Work task
Exact copies of all entries are needed. Pictures are to be left out.
↓↓↓
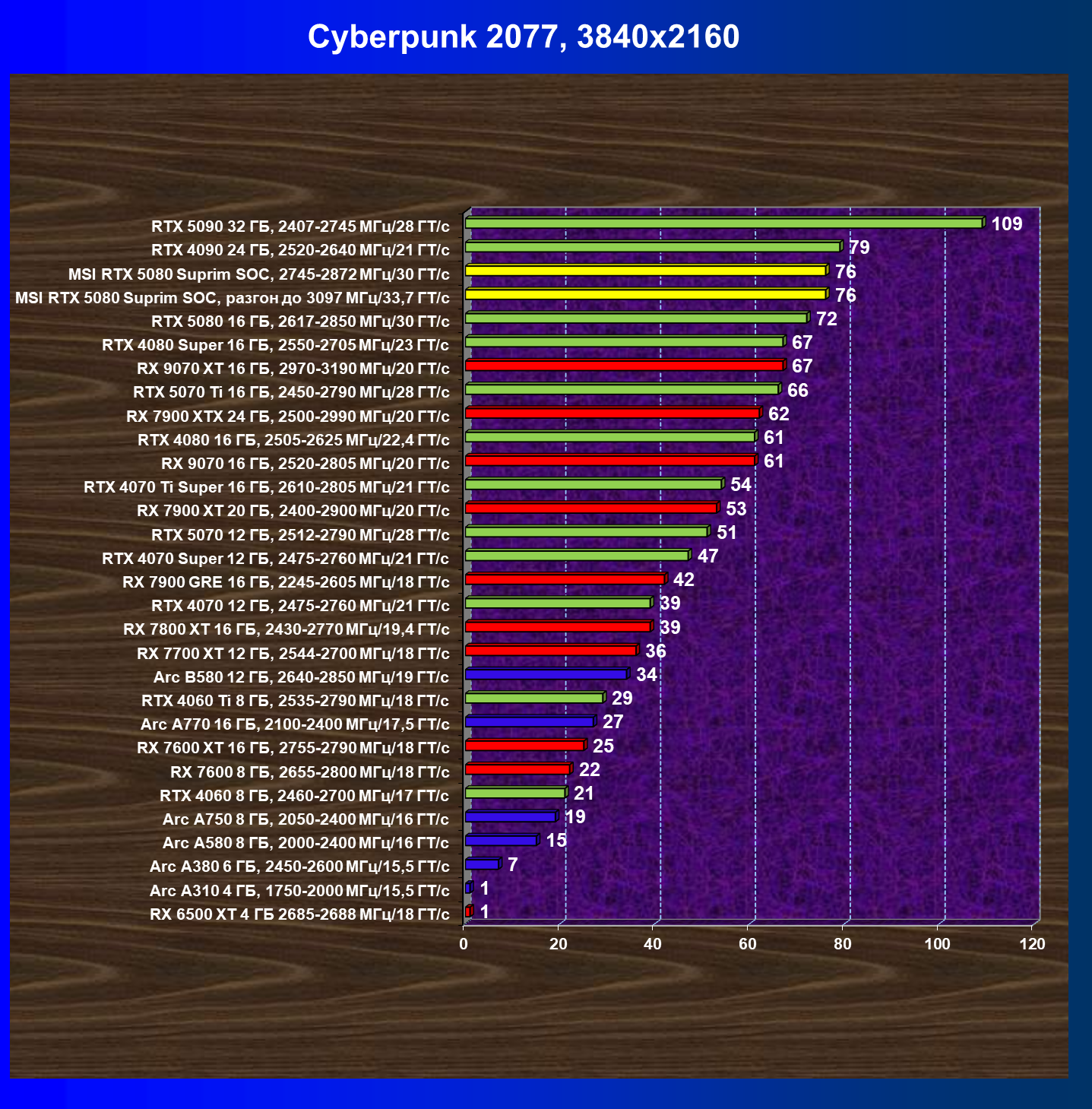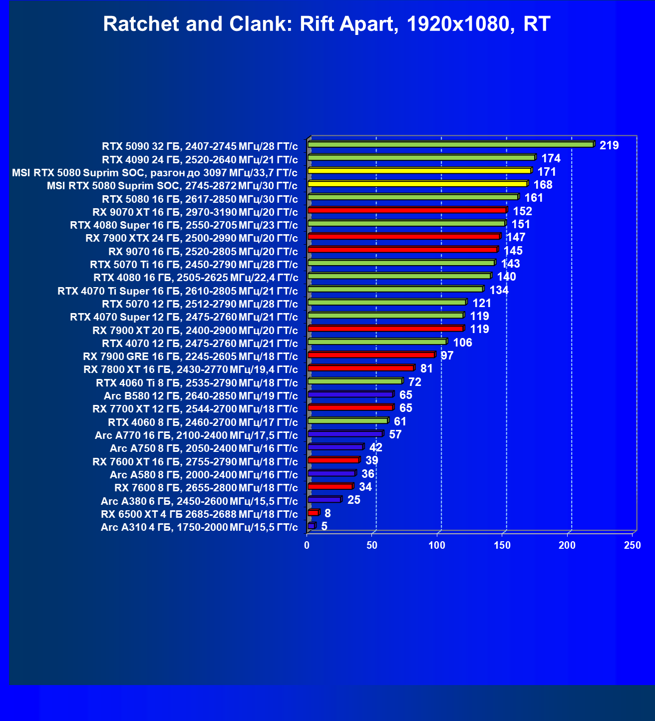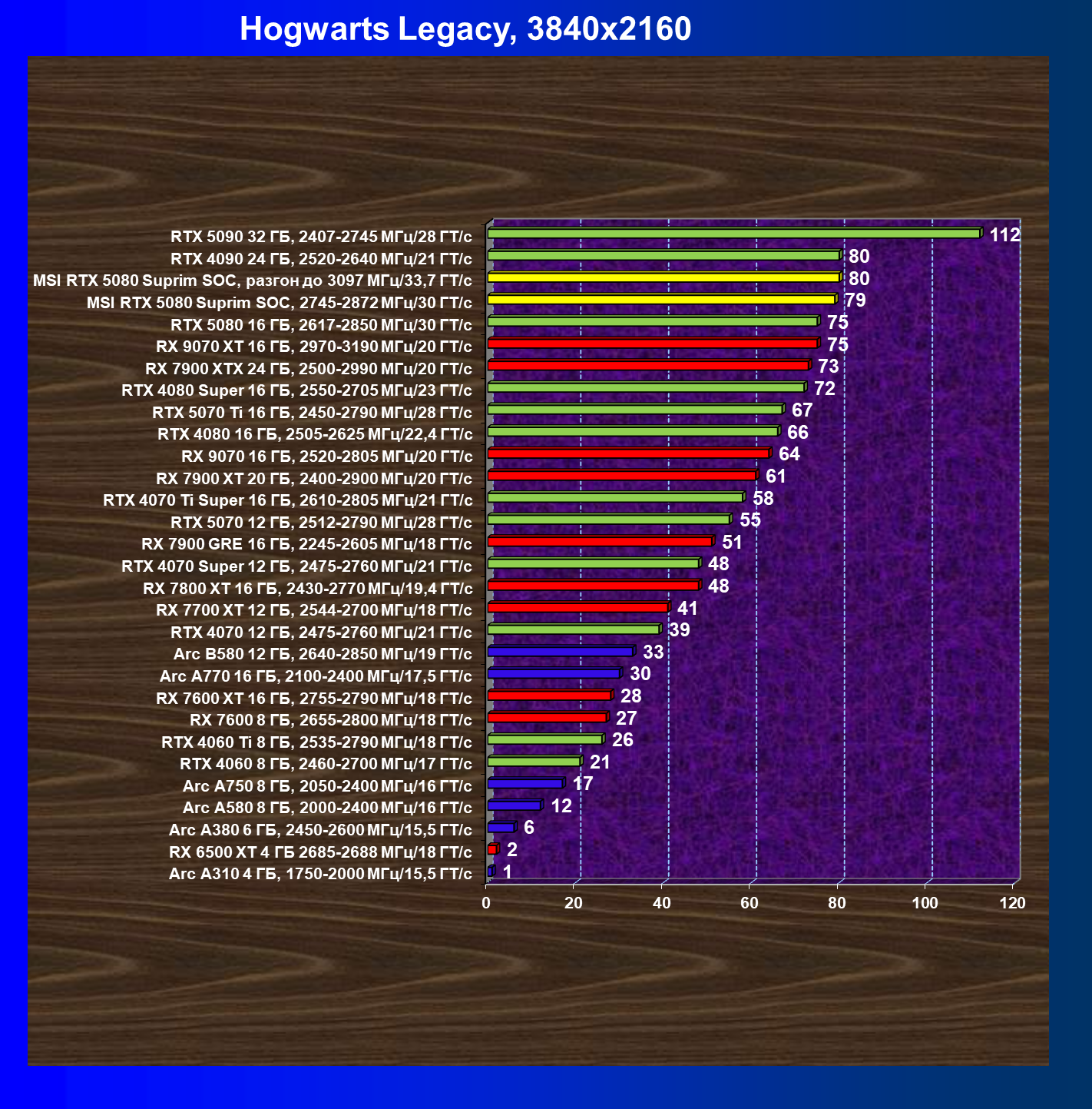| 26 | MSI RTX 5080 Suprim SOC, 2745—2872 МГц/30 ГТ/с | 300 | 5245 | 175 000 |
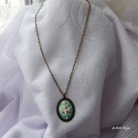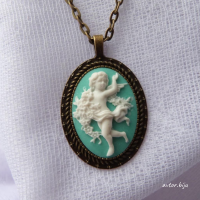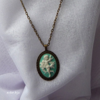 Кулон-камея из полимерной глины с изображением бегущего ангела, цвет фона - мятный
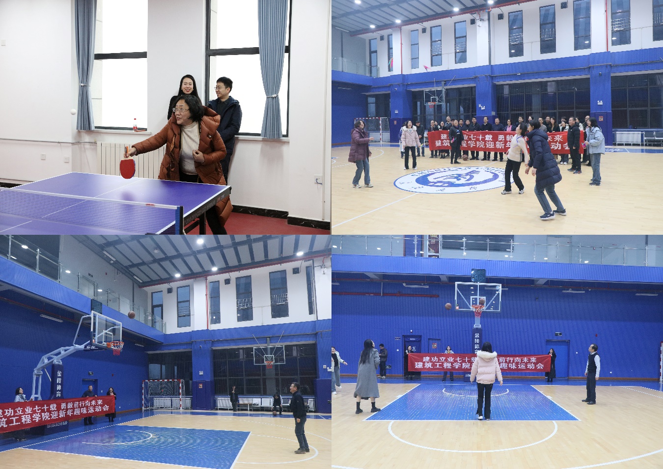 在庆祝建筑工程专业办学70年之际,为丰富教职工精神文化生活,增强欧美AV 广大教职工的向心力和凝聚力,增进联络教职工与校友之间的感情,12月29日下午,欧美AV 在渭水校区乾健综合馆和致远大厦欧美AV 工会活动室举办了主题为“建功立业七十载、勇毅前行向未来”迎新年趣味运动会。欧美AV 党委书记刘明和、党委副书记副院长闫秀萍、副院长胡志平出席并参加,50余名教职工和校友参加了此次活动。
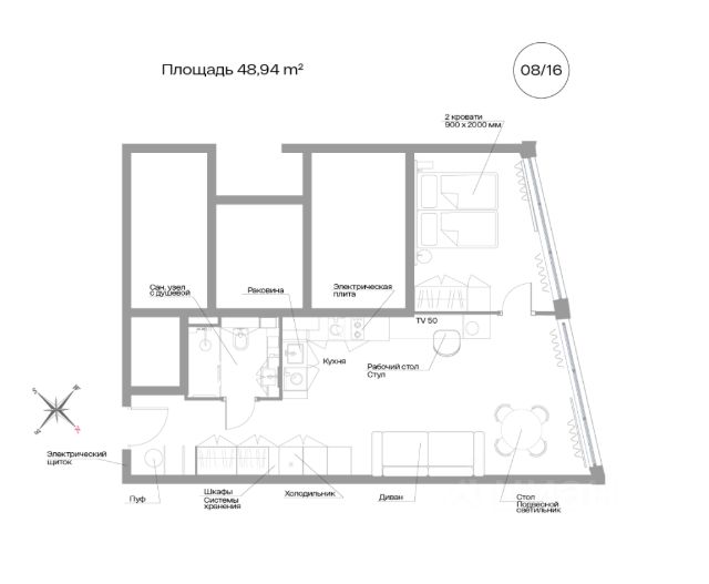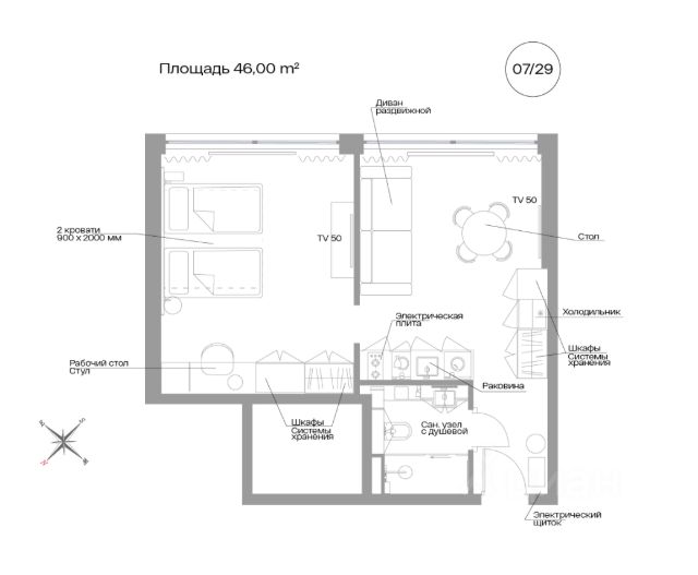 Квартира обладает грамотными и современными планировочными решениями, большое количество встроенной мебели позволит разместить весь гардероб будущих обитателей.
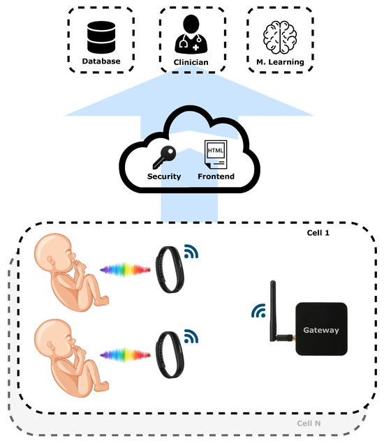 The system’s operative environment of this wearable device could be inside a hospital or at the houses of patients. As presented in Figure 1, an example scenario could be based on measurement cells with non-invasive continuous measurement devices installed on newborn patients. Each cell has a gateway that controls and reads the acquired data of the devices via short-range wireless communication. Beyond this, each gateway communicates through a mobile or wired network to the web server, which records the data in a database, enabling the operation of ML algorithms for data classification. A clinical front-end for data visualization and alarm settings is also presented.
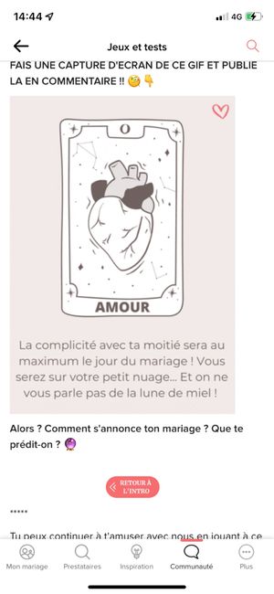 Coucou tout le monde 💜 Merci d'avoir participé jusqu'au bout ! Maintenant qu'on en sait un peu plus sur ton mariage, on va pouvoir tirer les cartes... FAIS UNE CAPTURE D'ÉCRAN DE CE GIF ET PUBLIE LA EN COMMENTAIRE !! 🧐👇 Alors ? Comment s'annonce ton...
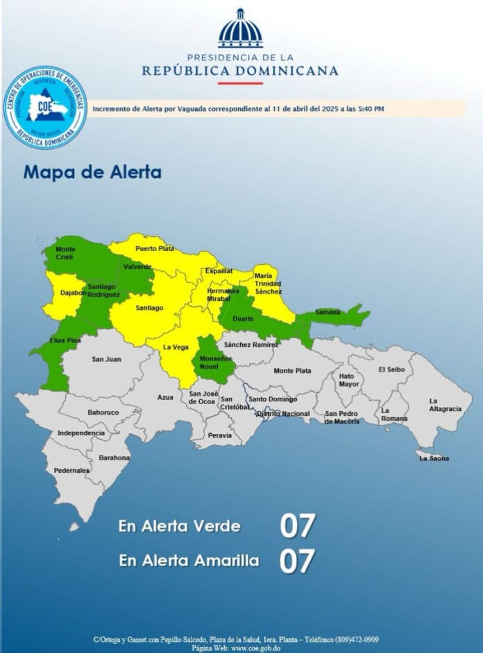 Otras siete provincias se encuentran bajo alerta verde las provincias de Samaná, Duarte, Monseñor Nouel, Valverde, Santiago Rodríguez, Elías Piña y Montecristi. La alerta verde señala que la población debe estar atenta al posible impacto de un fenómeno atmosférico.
↑↑↑
Response below
| 26 | MSI RTX 5080 Suprim SOC, 2745—2872 МГц/30 ГТ/с | 300 | 5245 | 175 000 |
 Кулон-камея из полимерной глины с изображением бегущего ангела, цвет фона - мятный
 在庆祝建筑工程专业办学70年之际,为丰富教职工精神文化生活,增强欧美AV 广大教职工的向心力和凝聚力,增进联络教职工与校友之间的感情,12月29日下午,欧美AV 在渭水校区乾健综合馆和致远大厦欧美AV 工会活动室举办了主题为“建功立业七十载、勇毅前行向未来”迎新年趣味运动会。欧美AV 党委书记刘明和、党委副书记副院长闫秀萍、副院长胡志平出席并参加,50余名教职工和校友参加了此次活动。
 Квартира обладает грамотными и современными планировочными решениями, большое количество встроенной мебели позволит разместить весь гардероб будущих обитателей.
 The system’s operative environment of this wearable device could be inside a hospital or at the houses of patients. As presented in Figure 1, an example scenario could be based on measurement cells with non-invasive continuous measurement devices installed on newborn patients. Each cell has a gateway that controls and reads the acquired data of the devices via short-range wireless communication. Beyond this, each gateway communicates through a mobile or wired network to the web server, which records the data in a database, enabling the operation of ML algorithms for data classification. A clinical front-end for data visualization and alarm settings is also presented.
 Coucou tout le monde 💜 Merci d'avoir participé jusqu'au bout ! Maintenant qu'on en sait un peu plus sur ton mariage, on va pouvoir tirer les cartes... FAIS UNE CAPTURE D'ÉCRAN DE CE GIF ET PUBLIE LA EN COMMENTAIRE !! 🧐👇 Alors ? Comment s'annonce ton...
 Otras siete provincias se encuentran bajo alerta verde las provincias de Samaná, Duarte, Monseñor Nouel, Valverde, Santiago Rodríguez, Elías Piña y Montecristi. La alerta verde señala que la población debe estar atenta al posible impacto de un fenómeno atmosférico.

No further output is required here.